Детали конструктора делились поровну, и на полу комнаты, на противоположных углах ковра выстраивались друг супротив друга две крепости. Детали просто клали встык, не соединяя штырьками: они были нужны совсем для другого. Готовые укрепления заселяли бойцами – коричневыми ковбоями с лассо и револьверами, черными индейцами с томагавками, зелеными пехотинцами с ППШ и светло-красными, полупрозрачными на просвет русскими витязями с мечами. А дальше – камень – ножницы – бумага! – начинался бой. Снарядами были штырьки и тяжеловесинки, их тоже делили поровну и стреляли ими по очереди из специально изготовленных Максимом небольших рогаток. Тяжелые боеприпасы котировались гораздо выше и расходовались осмотрительно: простым штырьком можно было максимум свалить солдатика, а тяжеловесинкой при удачном попадании – снести целую стену вражеской крепости.
Особым удовольствием, которое эта игра приносила Ване, было наблюдение за атакой соперника на свои укрепления с самых прихотливых ракурсов. Например, точно сверху, из зависшего над полем боя вертолета, или, наоборот, сбоку-снизу, прижав голову к ковру, глядя почти с уровня земли, сквозь траву и полевые цветы, как в военном фильме, слыша тяжкий, неумолимый рокочущий свист бомбы-снаряда, летящей с квадратного неба. Ваня побеждал часто, но и Максим с его врожденным глазомером тоже нередко выигрывал. И только в их последнем сражении победителей не было.
А было вот что: тяжеловесинка Максима, случайно сорвавшаяся с оттянутой изо всех сил резинки, срикошетила от ножки стола и попала Ване, который в тот момент ухом в пол выбирал самый эффектный ракурс, точно в правый глаз.

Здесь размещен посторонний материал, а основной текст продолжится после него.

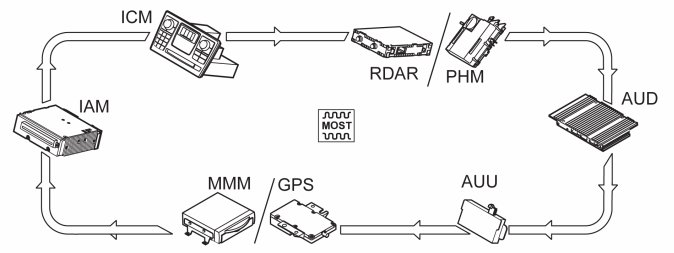 The MOST network is an optical network in which all control modules included are connected in a ring. All messages in the MOST network travel in one and the same direction from the infotainment control module (ICM) to the integrated audio module (IAM).
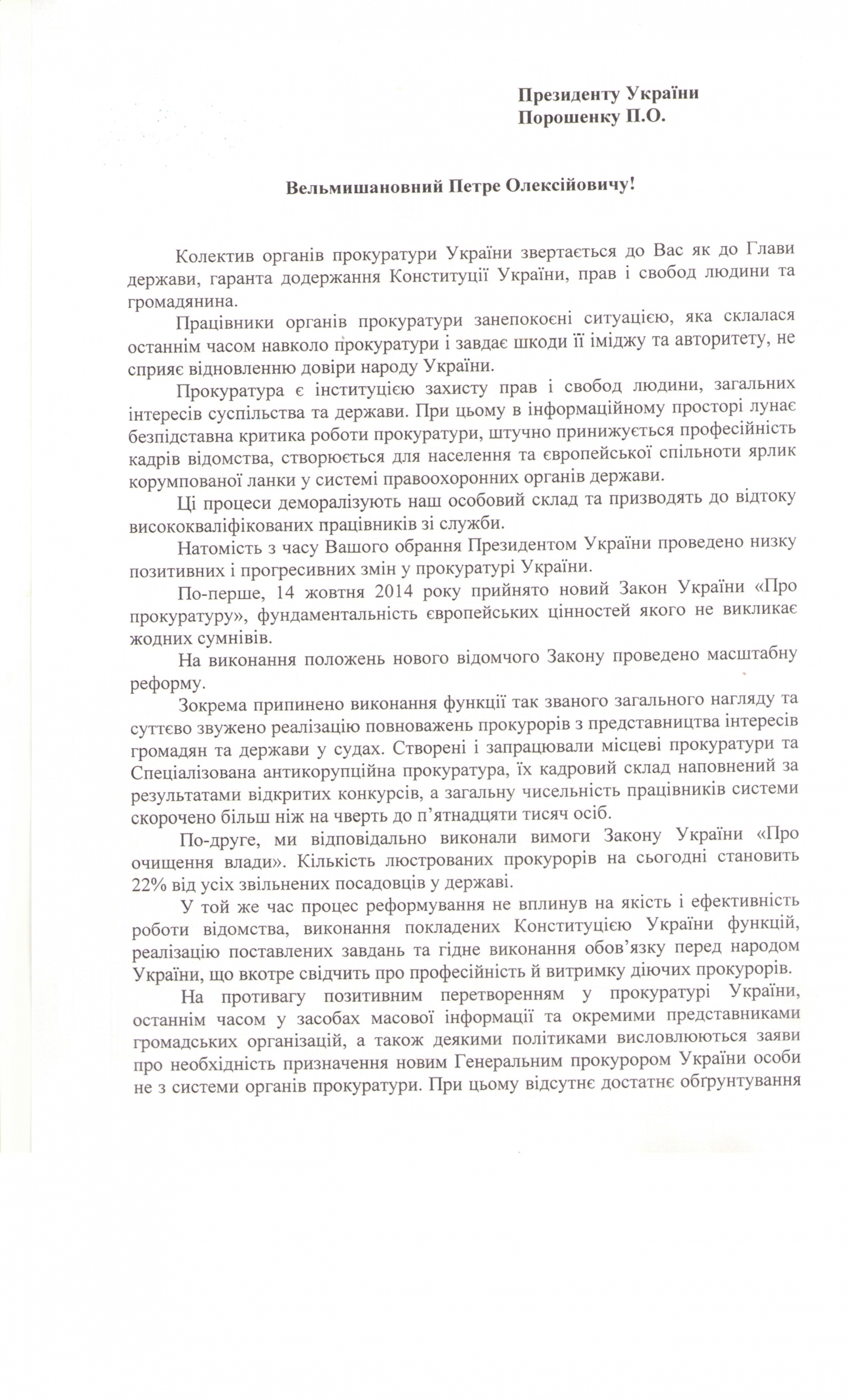 Руководство Генеральной прокуратуры Украины обратилось к президенту Украины Петру Порошенко и депутатам Верховной Рады с открытым письмом с призывом не назначать на должность генпрокурора человека, который не имеет опыта в системе прокуратуры.

Следующие три недели Иван Давыдов провел – сначала в больнице, потом дома, потом, когда началось осложнение, снова в больнице – в очень странном мире. Мире, раздвоившемся на день и ночь, свет и его отсутствие, сомнительное и бесспорное. Левая, дневная его сторона потеряла объем, стала почти бесцветной и какой-то неубедительной, как бы просвечивающей. А справа, под тяжелой, пропитанной чем-то едко пахнущим повязкой, были только темнота и боль. И вот они как раз были неопровержимо реальными. Боль не уходила ни на секунду, только непредсказуемо меняла свою силу от терпимой до невыносимой, почти полностью вытесняющей его из мира, непрерывно пульсирующего с ней в такт. А потом из темноты пришли цвета, которых он прежде никогда не видел. Они сливались с болью (а может, были ею), с тошными больничными запахами, с верхом и низом, с металлически-смолистым вкусом лекарств, которые в него впихивали жесткие, пахнущие карболовым мылом руки медсестры, с безжалостным дребезгом медицинских инструментов в кювете, с числами на календарике, которые он зачеркивал. Страшные цвета плавали перед измученным взглядом Ивана причудливыми фигурами, повторяя, искажая и умножая образы обычного мира.
Гораздо позже взрослый уже Давыдов пришел к выводу, что непременно, по всем правилам должен был за те три недели сойти с ума. Но он не сошел. Более того, восстановил зрение на правый глаз, хоть врачи и говорили, что в лучшем случае он сможет лишь отличать им свет от темноты. Острота зрения вернулась почти полностью, только сам глаз стал немного больше, а радужка его чуть потемнела.
А еще были (и вот об этом Давыдов не сказал ни единой душе) те новые цвета. Они никуда не исчезли.